Well actually we may have figured out the problem. It seems two
workernodes had problems with stageout, but not something one would
notice immediately out of hand. We have isolated them and now SAM
tests seem to be running fine (but we'll have to wait a bit longer to
make sure this was the problem indeed). We also ran a separate test of
a job on one of that workernodes and the logging information came back
with exactly the known error so we do hope we have isolated it now. We
will know in about 24h if all the SAM tests run through nicely.
Mario
On May 5, 2008, at 3:36 PM, <[log in to unmask]> <[log in to unmask]
> wrote:
> Hi Mario, Ilja,
>
>>> Anyway, the exact details are available from this ggus ticket:
>>> https://gus.fzk.de/pages/ticket_details.php?ticket=35655
>>>
>>> I have increased the maxproc settings of both "marshal"s as it
>>> seemed to be somehow related to the error ( Globus error 94: the
>>> jobmanager does not accept any new requests (shutting down)), will
>>> see if it helps.
>>>
>>> Any other ideas are still very welcome!
>
> It appears that the failing jobs were in fact successfully submitted
> to Torque. For example, in /opt/edg/var/gatekeeper/grid-
> jobmap_20080505
> (spaces replaced with newlines for clarity):
>
> "localUser=11860"
> "userDN=/DC=ch/DC=cern/OU=Organic Units/OU=Users/CN=samoper/
> CN=582979/CN=Judit Novak"
> "userFQAN=/ops/Role=lcgadmin/Capability=NULL"

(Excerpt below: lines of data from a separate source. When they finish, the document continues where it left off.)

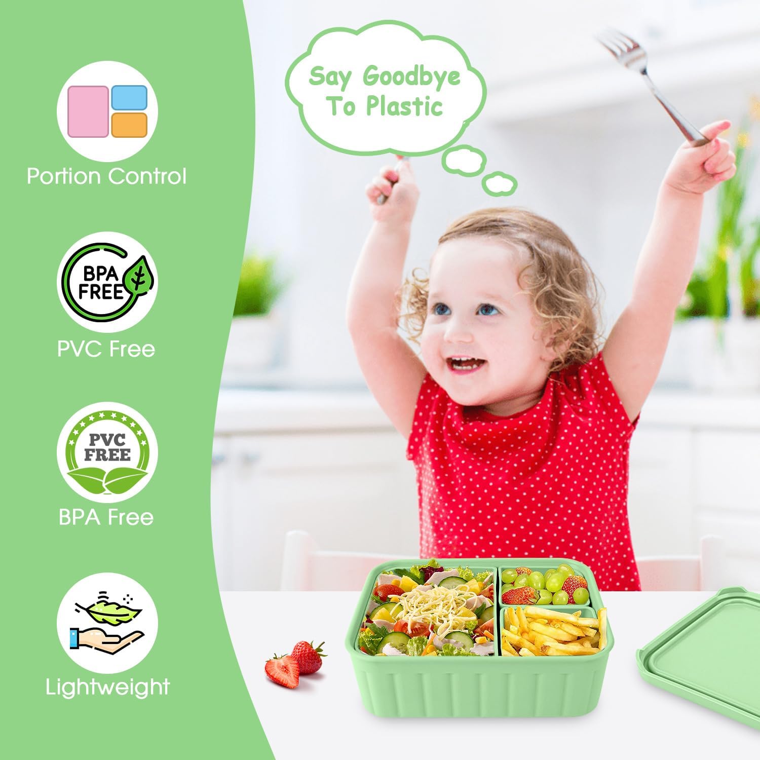 - 【 Premium Silicone & Reusable】Perfect alternative for disposable plastic container to avoid harmful chemicals into your food and environmental pollution. The silicone kids lunch containers are made of eco-friendly and food-graded silicone,sturdy,soft,BPA-FREE,odorless,durable,easy to clean.... No landfill.... Less waste. Save Time & Money
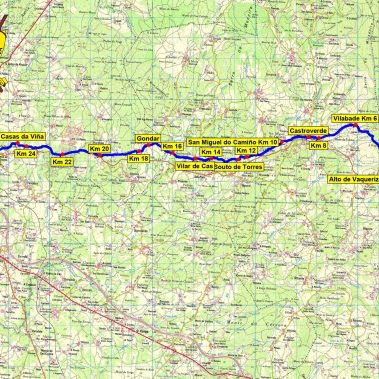 Km 15. Vilar de Cas (Máquina de refrescos y snacks), A la salida cabe la posibilidad de visitar Soutomerille y su iglesia de San Salvador, joya del prerrománico restaurada durante el barroco que aún cuenta en el ábside con una ventana de la obra primitiva. El rodeo supone 800 metros adicionales y no hace falta regresar a este punto sino que enlaza un poco más adelante con el itinerario oficial. Éste prosigue de frente hasta una cantera en horas bajas y cruza el río Romeán, también tributario del Miño, tras pasar las casas de A Pallota, última entidad de la parroquia de Moreira y del Concello de Castroverde. Desembocamos en la LU-P-2917 y subimos por ella hasta Gondar, primera parroquia del Concello de Lugo.
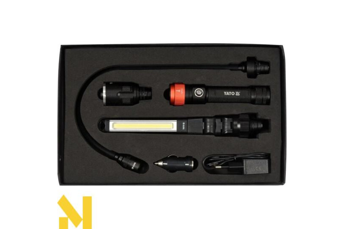 Багатофункціональний набір з 3-х світильників для майстерень в одному загальному корпусі. Система швидкого відключення гарантує легке і швидке з'єднання головок з корпусом лампи. Потужний літій-іонний акумулятор 3,7 в 2200 мАг гарантує від 1,5 до 8,5 годин роботи. Набір, упакований в міцну зручний валізу з зажимами, полегшить зберігання і транспортування, а також стане відмінним подарунком.
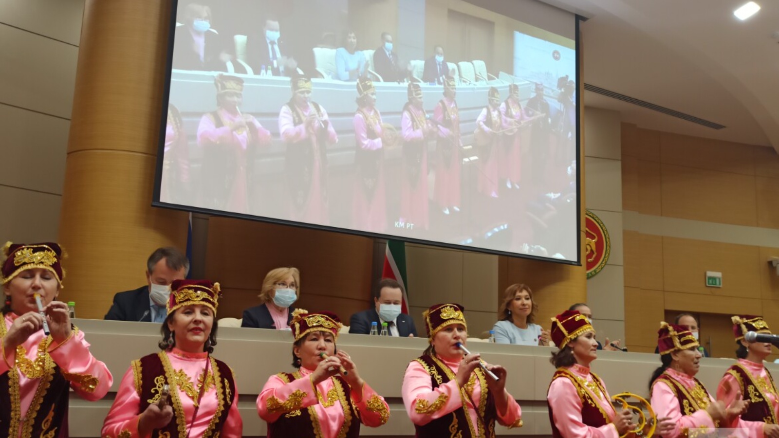 Традиционный брифинг для представителей СМИ в Доме правительства Татарстана, посвященный предстоящей Декаде пожилых людей, сегодня выбился из протокольных рамок. Он начался выступлением ансамбля пожилых людей из Балтасинского района Татарстана. Артисты исполнили два творческих номера перед собравшимися в зале журналистами.
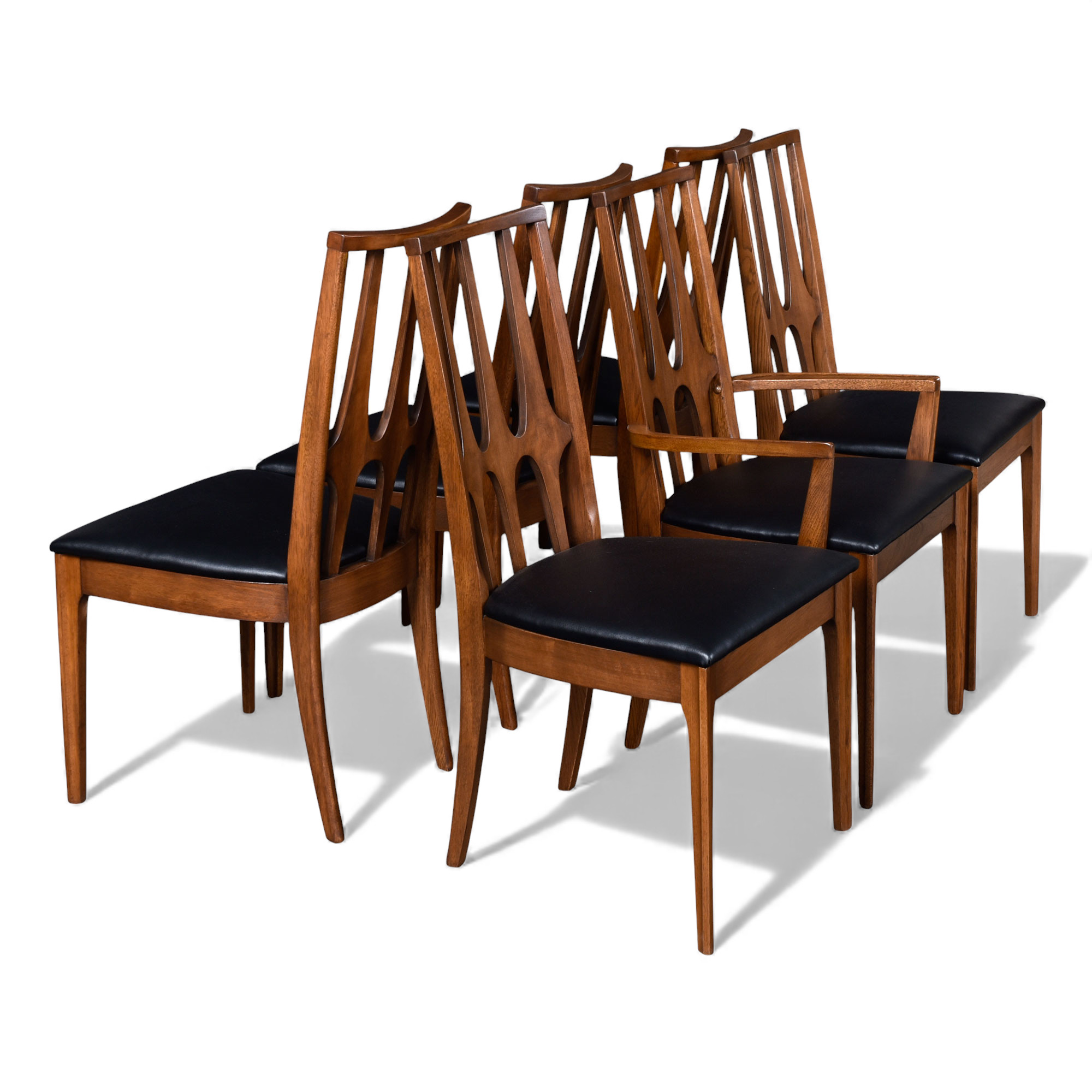Broyhill’s Brasilia collection is one of the most sought after lines of American furniture from the period. These chairs highlight the best design element of Brasilia, Oscar Niemeyer’s signature oblong arches. Oscar Niemeyer was an architect before he was a furniture designer. This collection for Broyhill emulated many of the forms he used to create the buildings of Brazil’s capital, Brasilia.
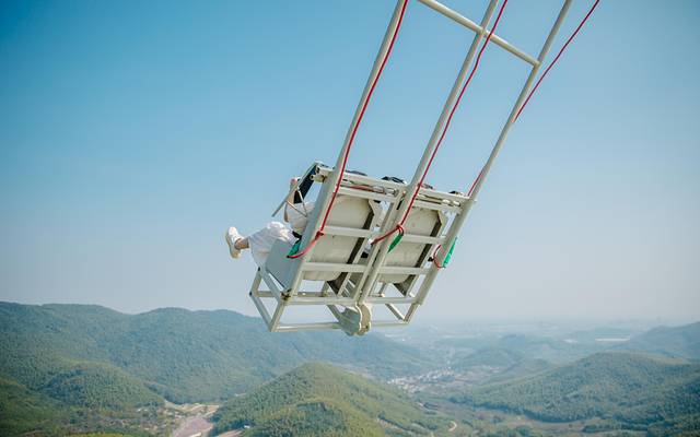 通过机械助推将秋千拉升至水平再放下,在被推出去的那一刻你才会体验到什么叫做真正控住不住的“命悬一线”和“泰山视角”。
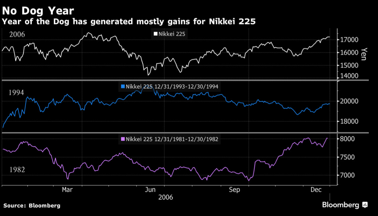 日経225平均株価は1949年の算出開始以来、5回の戌年を経てきたが、干支ベースによる勝率は4勝1敗である。大和証券のデータによれば、日経平均はこれまでの戌年である1958年には41%、1982年には4.4%、1994年には13%、そして2006年には6.9%上昇。唯一の1敗は1970年、16%下落した年だけだったという。
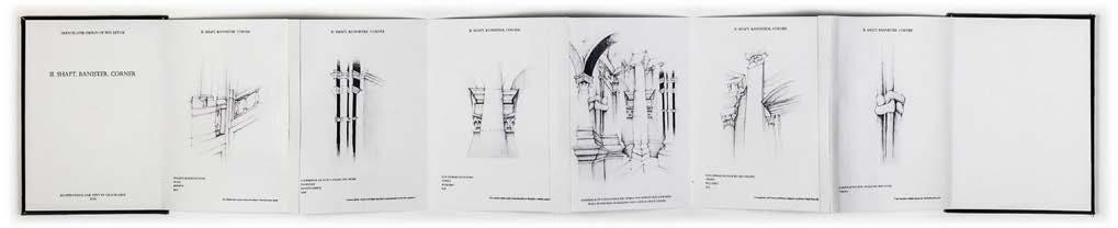 Drawings composed of collaged architectural elements begin to construct surreal, fantastical spaces composed of infinite stairways, blocked passages, and labyrinths of cornices. The drawings were then constructed into a series of three accordion books, each documenting the elements used to compose the drawings. The books were exhibited in Cornell University’s Herbert F. Johnson Museum as part of their artist’s book exhibition in 2021.
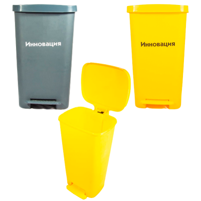 • Исполнение. Контейнеры с сечением в виде прямоугольника придвигаются к стене, допустимо расположение в ряд - практически вплотную друг к другу. Это позволяет экономить ценную площадь в медкомплексе. За счет небольшого объема (25 литров), баки подходят для использования в кабинетах узких специалистов, смотровых и прививочных, приемных отделениях, пищеблоках, душевых и уборных (неинфекционных отделений). Конструкция дополнена плотно закрывающейся крышкой и ножной педалью. Руки медперсонала и пациентов остаются свободными.
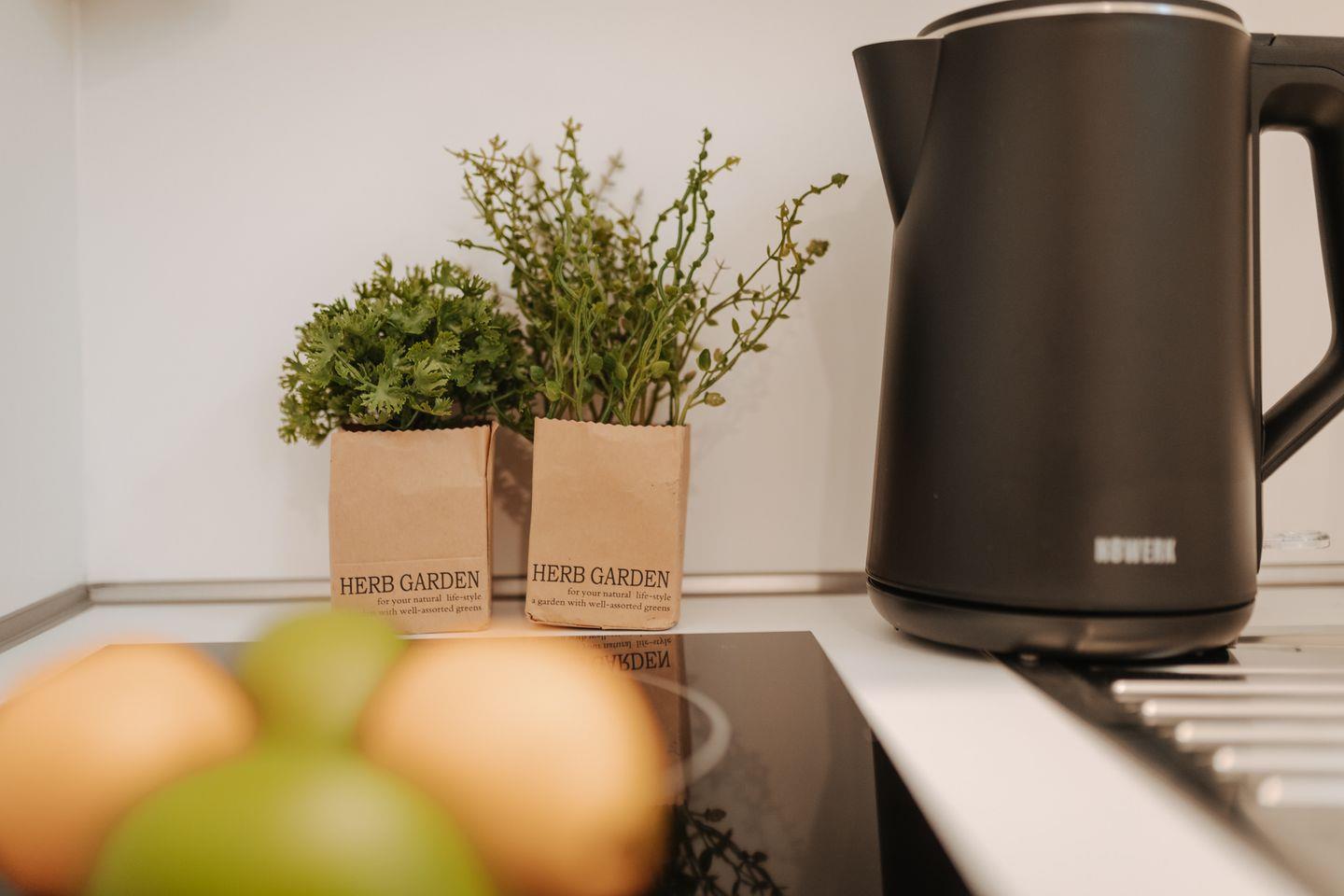Die offene kleine Küche ist trotz des eingeschränkten Platzes bestens mit einem Kühlschrank, Gefrierfach, Mikrowelle, Ceranfeld (2 Kochfelder), Kaffeemaschine und einer Nespresso-Kapselmaschine ausgestattet, um Ihren Aufenthalt so angenehm wie möglich zu gestalten.
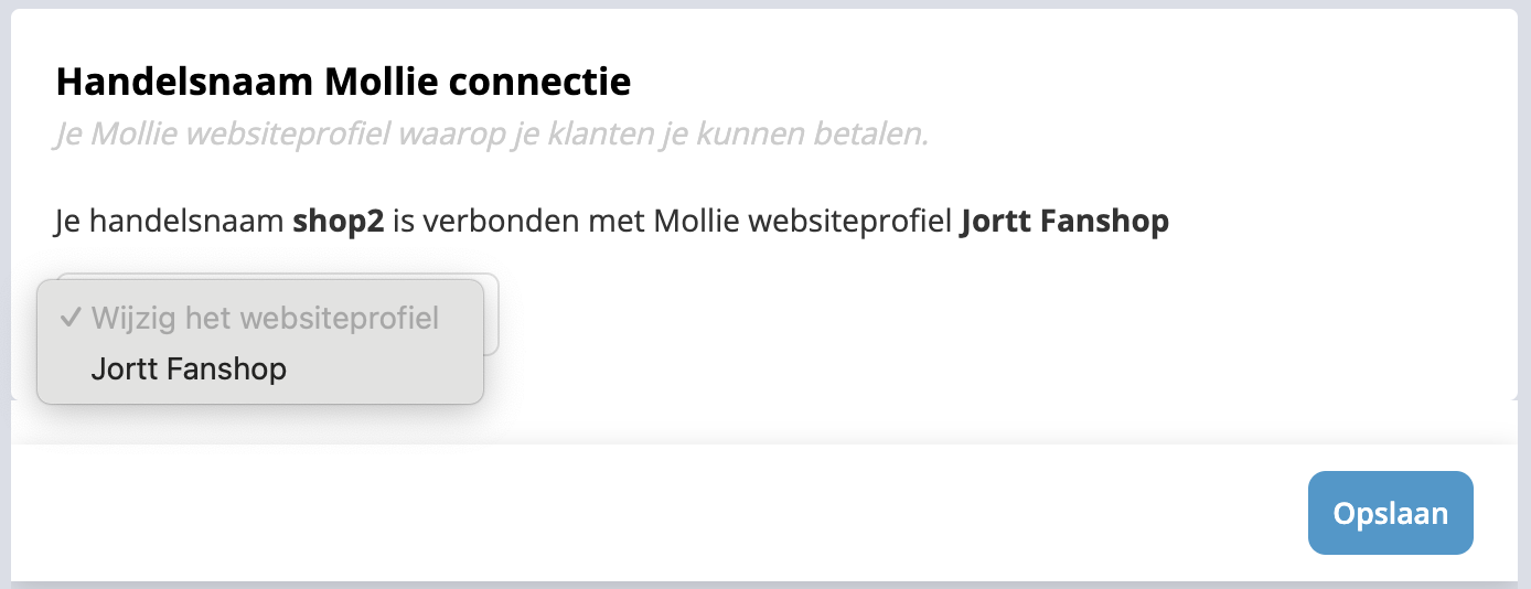 Update handelsnaam: Toevoeging van een Mollie websiteprofiel per handelsnaam.
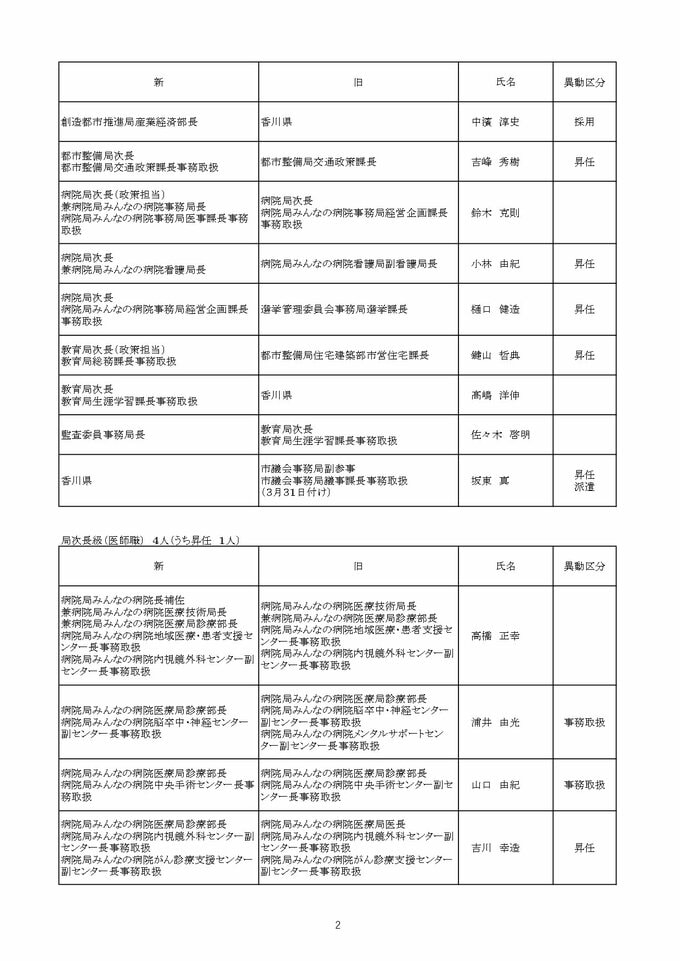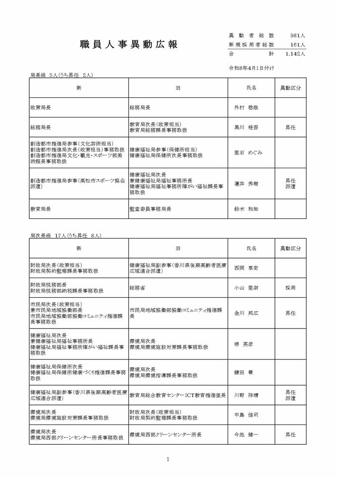 【2026年4月】高松市職員 人事異動 局長級・局次長級(昇任・採用)退職者など【画像一覧掲載】 RSK山陽放送 2026年3月26日(木) 12:13 国内 局長級・局次長級 【名簿一覧を見る】 【名簿一覧を見る】

> "userFQAN=/ops/Role=NULL/Capability=NULL"
> "jobID=https://rb113.cern.ch:9000/X3pf3fHmWWZTWr9nY5VvKQ"
> "ceID=oberon.hep.kbfi.ee:2119/jobmanager-lcgpbs-short"
> "lrmsID=42444.oberon.hep.kbfi.ee"
> "timestamp=2008-05-05 10:07:18"
>
> The job then may have been reported in such a way that the lcgpbs job
> manager considered the job as having failed. For example, the 'W'
> state
> is treated like that. In that case you would see a cancellation
> (qdel)
> request in the Torque logs. Can you check what happened to job 42444?
>
|